Most of the origami I’ve done for the past several years has been based on shaping tubes of paper in various ways, whether that’s by adding curves or intersecting the tubes with vertical or diagonal planes. One thing I’ve wanted to figure out for a while is how to create bends and curves in the paper tubes. I’ve explored some simpler approaches to that problem before, but this is the first approach I think I can realistically use as a part of a more complex model.
The concept here was inspired in part by my diagonal shift design. The top and bottom edges of the bend are both sine waves, which get folded such that they touch each other along the bend line. Inside, each gore has a small crimp to create a partial flat plane visible inside the model. The crimps all have slightly different angles, but the mathematical to find those angles is the same that I used for the diagonal shift.
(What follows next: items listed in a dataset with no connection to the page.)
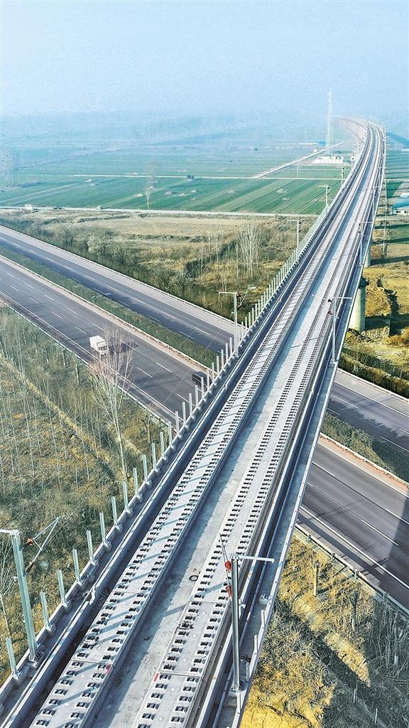2月1日,在河北省保定市顺平县的雄忻高铁建设现场,施工人员将首对500米长钢轨铺设在无砟道床上,标志着雄忻高铁正式进入铺轨施工阶段。据悉,雄忻高铁是我国“八纵八横”高速铁路网京昆通道的重要组成部分,线路东起雄安站,终至忻州西站,正线全长约342公里。新华社记者 朱旭东摄
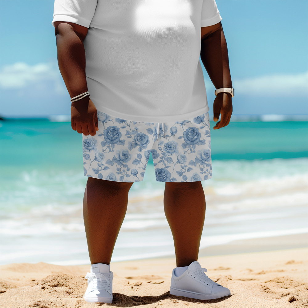 シンプルでファッショナブルな花柄多用途プリント大きいサイズファットショーツ夏カジュアルルーズトレンディメンズショーツ
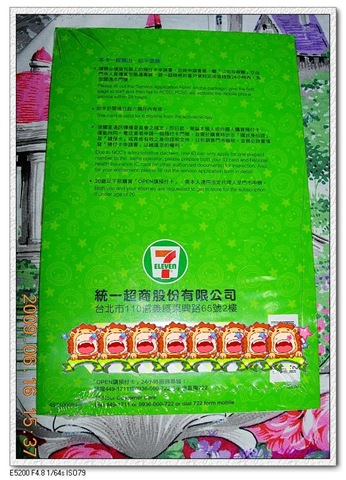 中間是預付卡費率說明,每6秒0.71元,也就是每分鐘7.1元,國內簡訊2元(一般打網外每分鐘要9.6元,所以打網外和傳網外簡訊就賺到了^.^) 有效期限半年,半年後沒儲值門號就沒用哩!
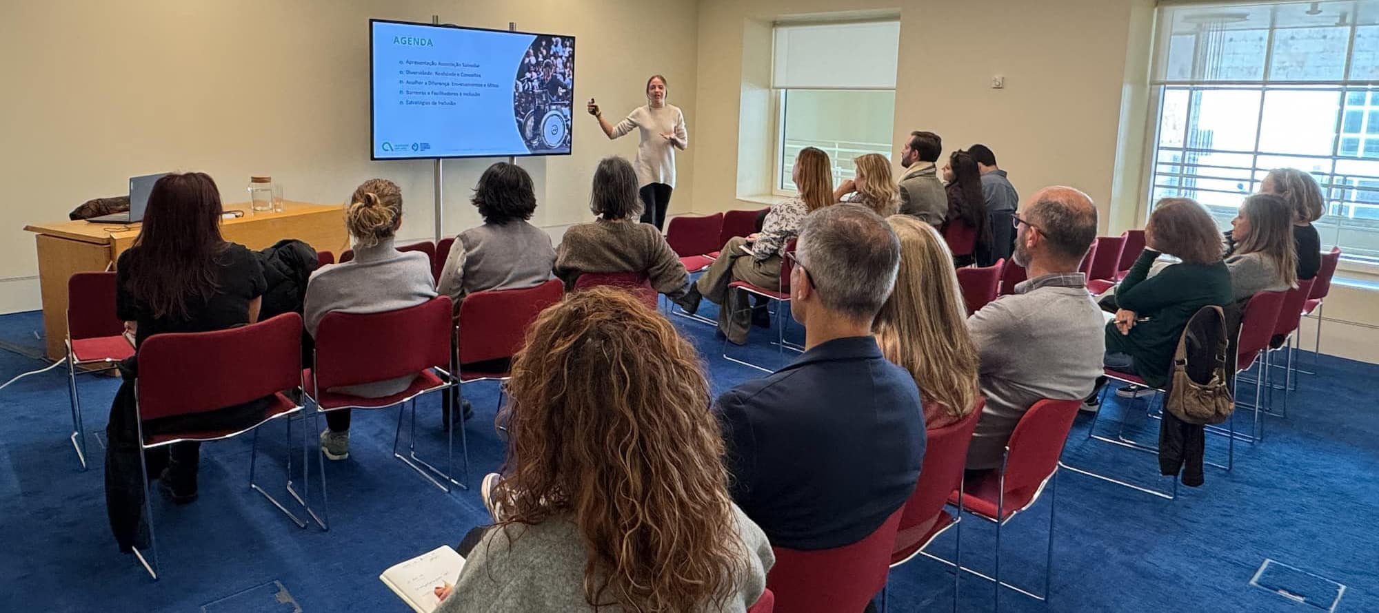 Colaboradores de várias equipas — desde a Comunicação às Artes Performativas, passando pelo Museu e pelos Recursos Humanos — participaram numa sessão teórico-prática que incluiu um peddy-paper inclusivo, a apresentação e discussão de estudos de caso e uma atualização sobre os princípios da linguagem inclusiva.

Here’s the inside view for a simple tube of paper:
Things get a bit more complicated when there is already overlap of the paper along the outside of the tube, but the concept is the same. It’s harder to see, but there’s a similar partial plane of paper inside this one, too:
It’s a decent bit of work to measure and score all the appropriate lines for these, especially for the narrower tube, but the folding went more smoothly than I expected. Especially with a bit of wet-folding, all the crimps seem to form fairly easily. I have quite a few ideas of how I’d like to incorporate these into a variety of more complicated designs.